Wij zullen het kabinet des te scherper beoordelen op de resultaten die met dit beleid worden geboekt. Of dit pakket de gewenste resultaten zal sorteren, is voor mijn fractie dus nog zeer de vraag. Het blijft immers een probleem dat met het hier geboden pakket de vrijblijvendheid niet voldoende wordt opgeheven. Wij zouden, net als mevrouw Kant, dus van de minister willen weten wat hij doet als komend jaar geen verbetering van de situatie plaatsvindt. Op welk moment kunnen wij de zaak in heroverweging nemen? Voor mijn fractie was dat moment eigenlijk allang aangebroken, maar nu wij het "verloren" hebben, zijn wij wel benieuwd wanneer dat moment van heroverweging volgt.

Bij gebrek aan beter stemmen wij dus in met de voorgestelde wijzigingen. Ook mijn fractie had nog vragen over de positie van de nabestaanden en over de discrepantie tussen de wettekst en de memorie van toelichting. Ik sluit mij dus aan bij de vraag van mevrouw Kant en mevrouw Huizinga om op dat punt glashelder te worden, ook gelet op de overwegingen die ook in de PvdA-achterban leven.

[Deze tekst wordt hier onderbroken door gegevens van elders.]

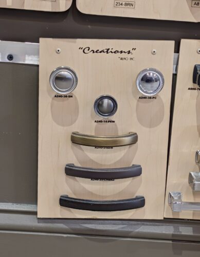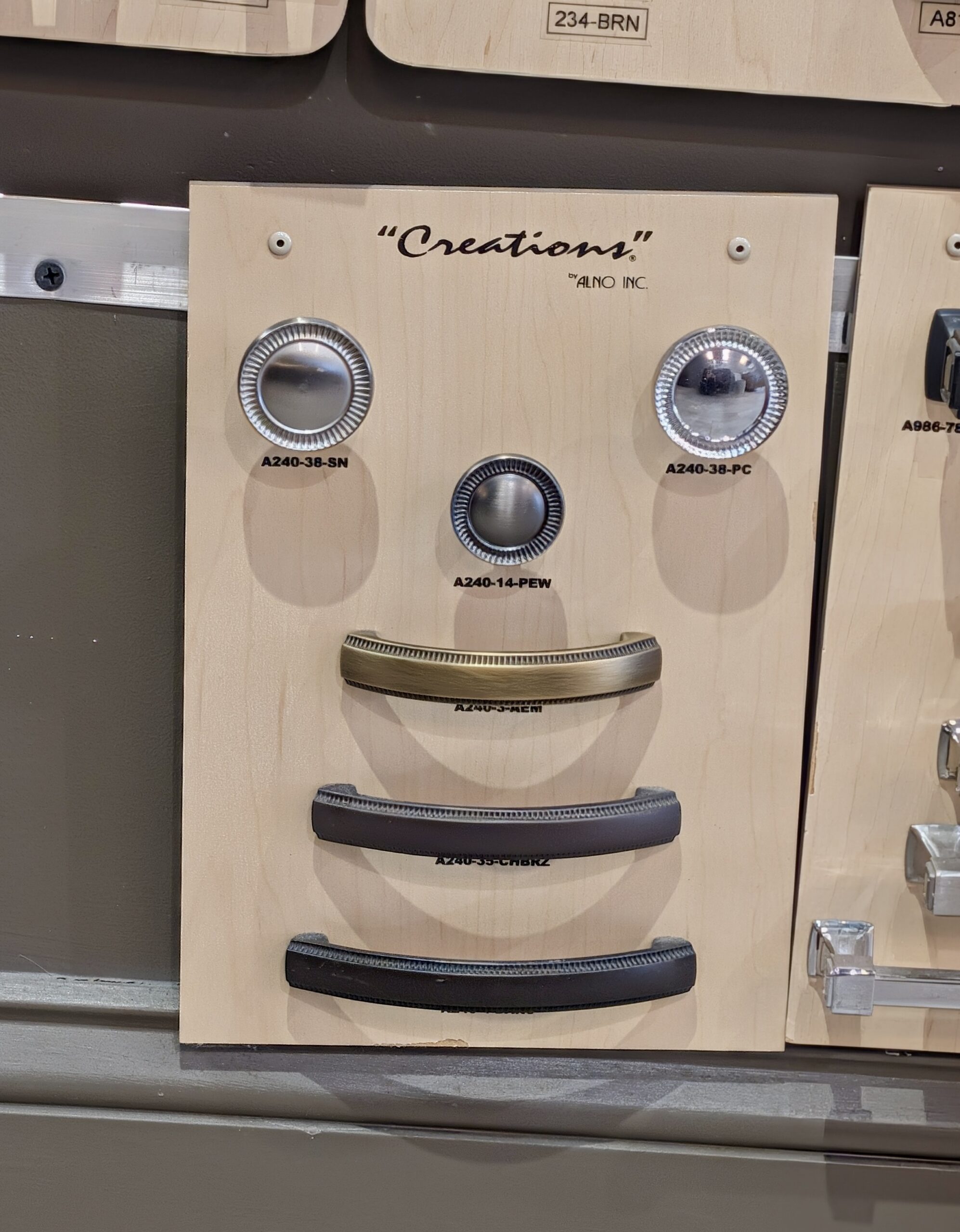 happy fixtures Doug and I went poking around a couple kitchen/bath showrooms, shopping for ideas for the bathrooms we are finally getting redone. Doug spotted this display, looking like a smiley face, and I really hope it was intentional.

Tot slot een misschien nieuwe gedachte: in mijn fractie is de vraag gerezen of er verdere aandacht zou kunnen komen voor de monopoliepositie van academische centra op het punt van transplantatie. Ziet de minister bijvoorbeeld mogelijkheden om de komende tijd te verkennen of ook andere gespecialiseerde centra eventuele transplantaties zouden kunnen gaan uitvoeren? Behalve met donatieproblematiek kunnen wij immers ook te maken hebben met transplantatieproblematiek: wachtlijsten en soms de onmogelijkheid om een transplantatie uit te voeren. Dertig jaar geleden kon je nog overeind houden dat transplantaties in hooggespecialiseerde centra moesten plaatsvinden, maar met de huidige stand van de chirurgische en medische kennis is het de vraag of dat niet verbreed zou kunnen worden. Ik vraag de minister dus om op die suggestie te reageren. Ik wacht die reactie af en afhankelijk daarvan zal ik de indiening van een motie overwegen.

De heer Van der Vlies (SGP):

Mijnheer de voorzitter. Enige tijd geleden hebben we in deze Kamer indringend gesproken over orgaandonatie. Die discussie hoeven we vandaag natuurlijk niet over te doen, maar het staat voor iedereen buiten kijf dat er belangrijke morele en ethische vragen aan de orde zijn. In de soms conflicterende aspecten van menswaardig sterven tegenover een vergroting van het aanbod van organen, waarvoor ook mijn fractie wegen zoekt, is grote zorgvuldigheid geboden. De maatregelen die genomen worden, mogen uiteraard geen inbreuk zijn op een verantwoorde omgang met hen die overlijden en met de nabestaanden.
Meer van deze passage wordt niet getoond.